As part of my PhD research project “Modeling the hardest decision parents will make: School Choice” I will conducting a Discrete Choice Experiment (DCE) to understand how Australian parents apply behavioural decision rules in choosing schools for their children, and how choice sets are evaluated to find the ‘best choice’.

This research will help understand why Australian parents are spending an extra $5.4billion more per year in private school fees when socio-economic sorting across public schools would lead to the same academic outcomes.

We also hope to gain insight in to why some recently opened private schools have failed, leading to large losses, despite the strong willingness of parents’ to pay for private schooling.

This project will also look at the influence of a parent’s socio-economic background on the type and strength of preferences. Our results will have important social equity implications for understanding how wealth, occupation and prior education affect a parent’s choice of school. This will be the 1st time a discrete choice experiment has been applied to school choice even though it is an experimental approach applied extensively in other quasi-market public good areas of health, the environment & transport infrastructure. Previously DCE hasn’t been applied to education due to the inherently endogenous behaviour of educational choice attributes, which this project resolves.

If parents are not making classical rational choice decisions, this research will have important implications for economics & education policy that have not previously been identified.

Determinants of parental school choice: A Qualitative Study

I’m currently undertaking a qualitative study into the determinants of parental school choice.  The study comprises 22 semi-structured exploratory interviews of Australian parents,  principally from Melbourne with some from regional Victoria.  Parents come from diverse backgrounds of educational history, educational choice of school type, and cultural.

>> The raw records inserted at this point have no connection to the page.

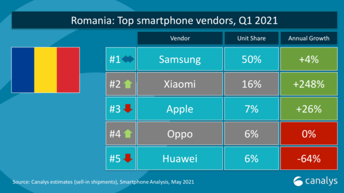 Potrivit raportului Canalys, Xiaomi s-a clasat pe locul al doilea în România la livrările de telefoane inteligente pentru prima dată din istorie. În primul trimestru din 2021, Xiaomi a avut o cotă de piață pe segmentul smartphone de 16% și o creștere anuală de 248%.
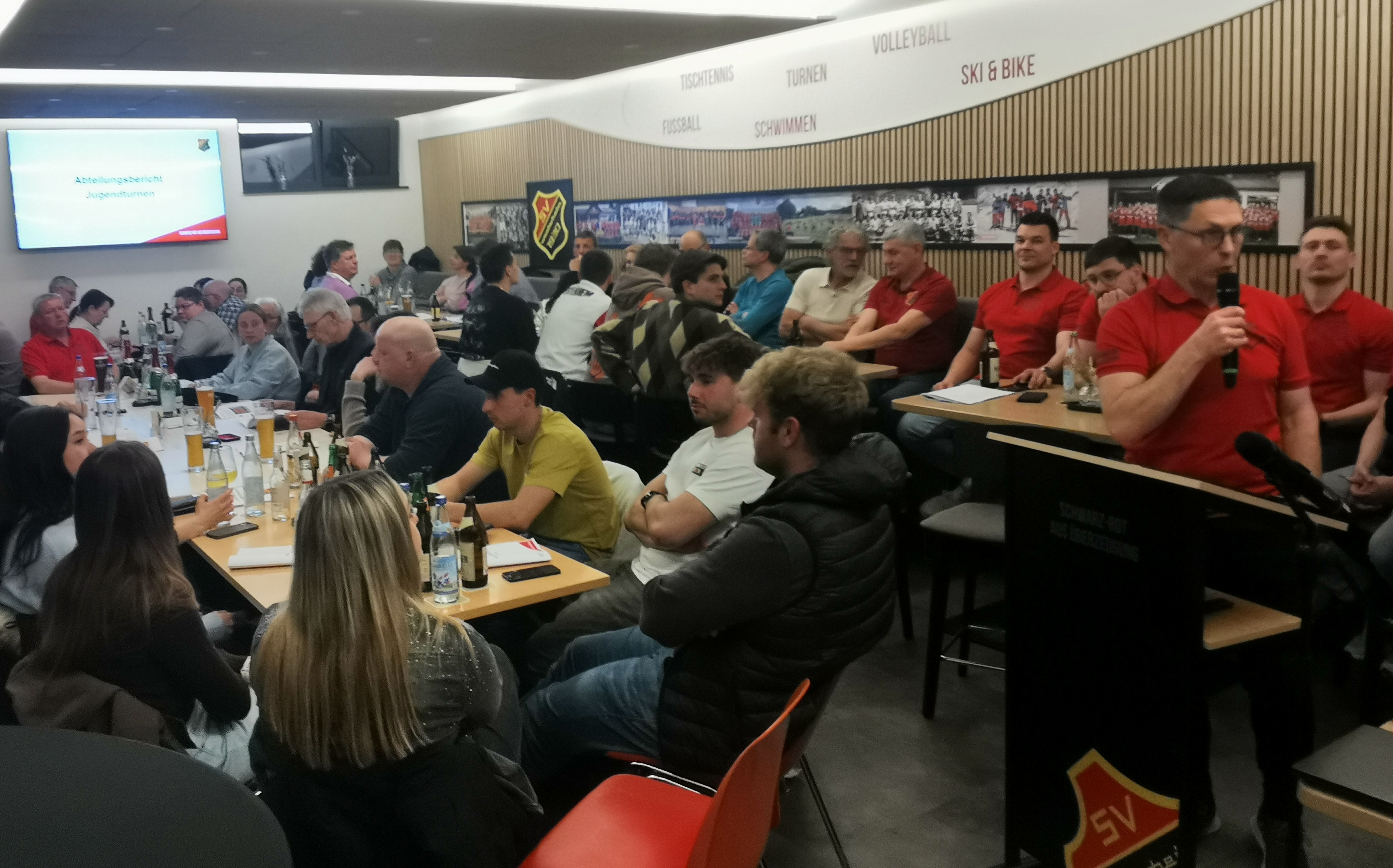 Daniel Volles gab einen Rückblick auf die Veranstaltungen im abgelaufenen Jahr wie Fitness Convention, Tabaluga Revival, 50 Jahre Schwimmabteilung & Alb-Bad, Sportwochenende, Schlachtfest und Jahresfeier. Rieck berichtete über den Verlauf der gelungenen Sportheimmodernisierung.
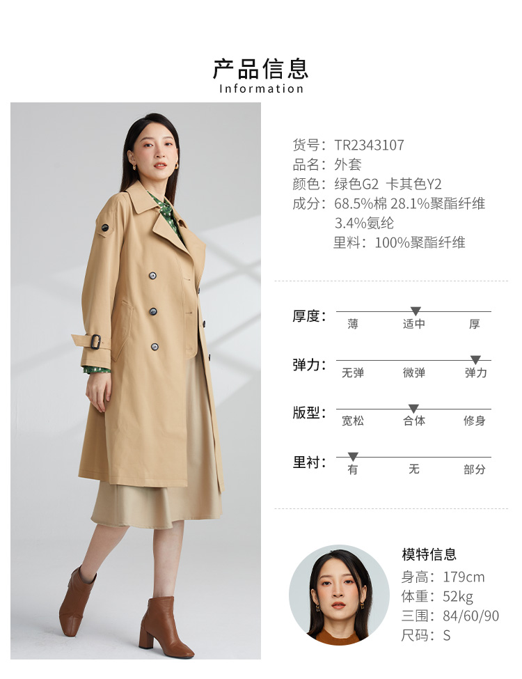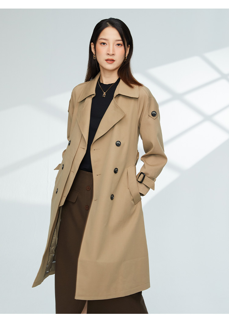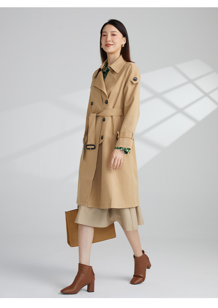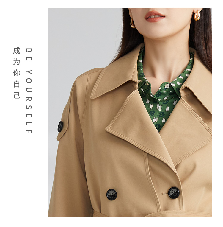 VIVIAN LIU薇薇安刘TR2343107秋女装新款小翻领英伦风双排扣风衣

Following from George Shackle that for choice there need to be alternatives, the socio-economic backgrounds of the parents interviewed are broadly middle socio-economic, from low to high middle class.  For the very wealthy there is no alternative to the ‘best’ and for the low socio-economic parents income & behavioural constraints mean that there are no alternatives to their default choice.

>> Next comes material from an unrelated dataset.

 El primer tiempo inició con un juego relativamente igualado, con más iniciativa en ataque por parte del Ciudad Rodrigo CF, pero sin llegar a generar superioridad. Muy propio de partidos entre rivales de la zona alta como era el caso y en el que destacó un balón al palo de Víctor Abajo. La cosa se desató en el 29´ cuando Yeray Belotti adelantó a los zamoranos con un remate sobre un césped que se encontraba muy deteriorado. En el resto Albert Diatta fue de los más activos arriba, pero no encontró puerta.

Australia is a particularly interesting country to investigate the decision architecture of how parents choose a school for their children due to the absence of strong racial (USA) or social-class preferences (UK).  Race and social-class preferences are present in Australia but are not strong enough to completely outweigh other preferences that it is difficult to differentiate preferences associate with teacher quality, student personal development, discipline and community.  Race in the USA and social-class in the UK have become dominant proxies for these more differentiated preferences leading to simple binary choice decision making.

Having a range of differentiated preference attributes allow a deeper investigation into how social & family human capital investment preferences are traded-off between each other and the decision strategies that are being used.  When there a number of competing preferences which are quite varied, it can be very interesting to find some behaviours that should be present but is consistently missing from the interviews.  When choices are binary by proxy it is difficult to find decision structure and gaps.

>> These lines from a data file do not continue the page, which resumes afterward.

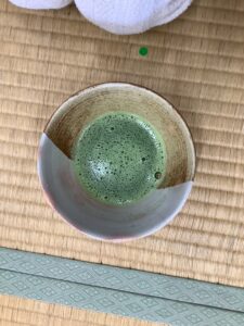 さて、いよいよお家の方にお茶をたてます。少し緊張がとけ、和やかな雰囲気の中で、お家の方へのお点前披露が行われました。
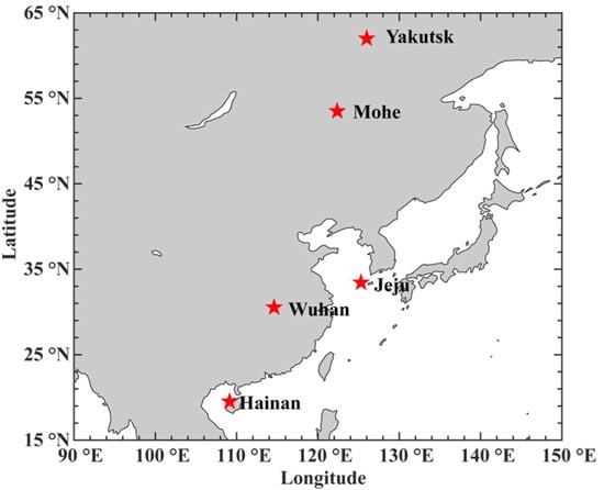 Geographical distribution of Yakutsk, Mohe, Jeju, Wuhan and Hainan.
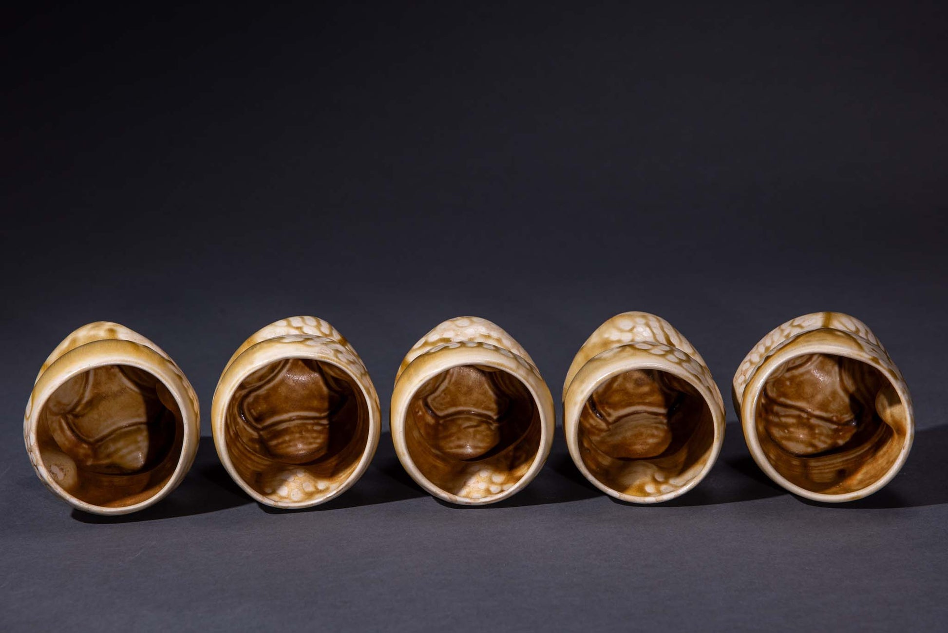 This ceramic cup has an organic, sculpted shape with voluptuous, full, flowing form and soft indentations, allowing for a comfortable grip. The cup is dotted with areas of bare clay, which have a smooth texture that contrasts with the glossy matte, sometimes dry glaze. Its rim is slightly irregular, adding to its hand-formed aesthetic. The inside is fully glazed. The indentations on the outside create an interior that looks like wind eroded caverns.
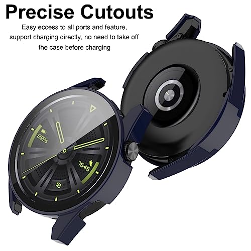 Dl3 Mobilak - جراب ساعة كامل رفيع ممتص للصدمات من بولي كربونات بدرجة صلابة 9 مع زجاج مقوى متوافق هواوي GT3 46 ملم دلع موبايلك أزرق

Parental choice is extraordinarily complex being both inter-generational and inter-temporal in nature. It is subject to parental income, time and regulatory constraints. Choice is subject to high levels of uncertainty over very long time frames. Choices are path dependent, in most case irreversible and subject to imperfect information. Individual choice is also very context dependent, subject to the experiences of parents, their expectations of the future, a duty to their children and emotional attachment.

Where there is a common curriculum, choice is not about the quality of ‘education as knowledge’ per se. At a very high level, education choice is about quality of instruction, teacher quality or program choice, or the quality of the learning environment effected by student peers and culture. Individual preferences of parents are reflected in the type of school they choose for their child to attend. Choice may be a default choice based on constraints, or a choice exercise within a type of schools such as different public schools, or across school types.

The main education choice that this study focuses on is choice of secondary school by parents for their children.  Choices in Australia are: independent schools (generally Protestant religion aligned), Catholic schools, government public schools (entry determined by residential boundary), and government selective public schools (academic, music, sport etc.).  The state of Victoria also has an accelerated learning program in some publics schools which are not constrained by location of residence by require passing an entrance exam.

A comprehensive review of the Australian school sector can be found in the Gonski Review.

It is important to note that unlike the USA, funding of schools in Australia is from broad based taxes (universal vouchers approach) and not aligned with local property taxes.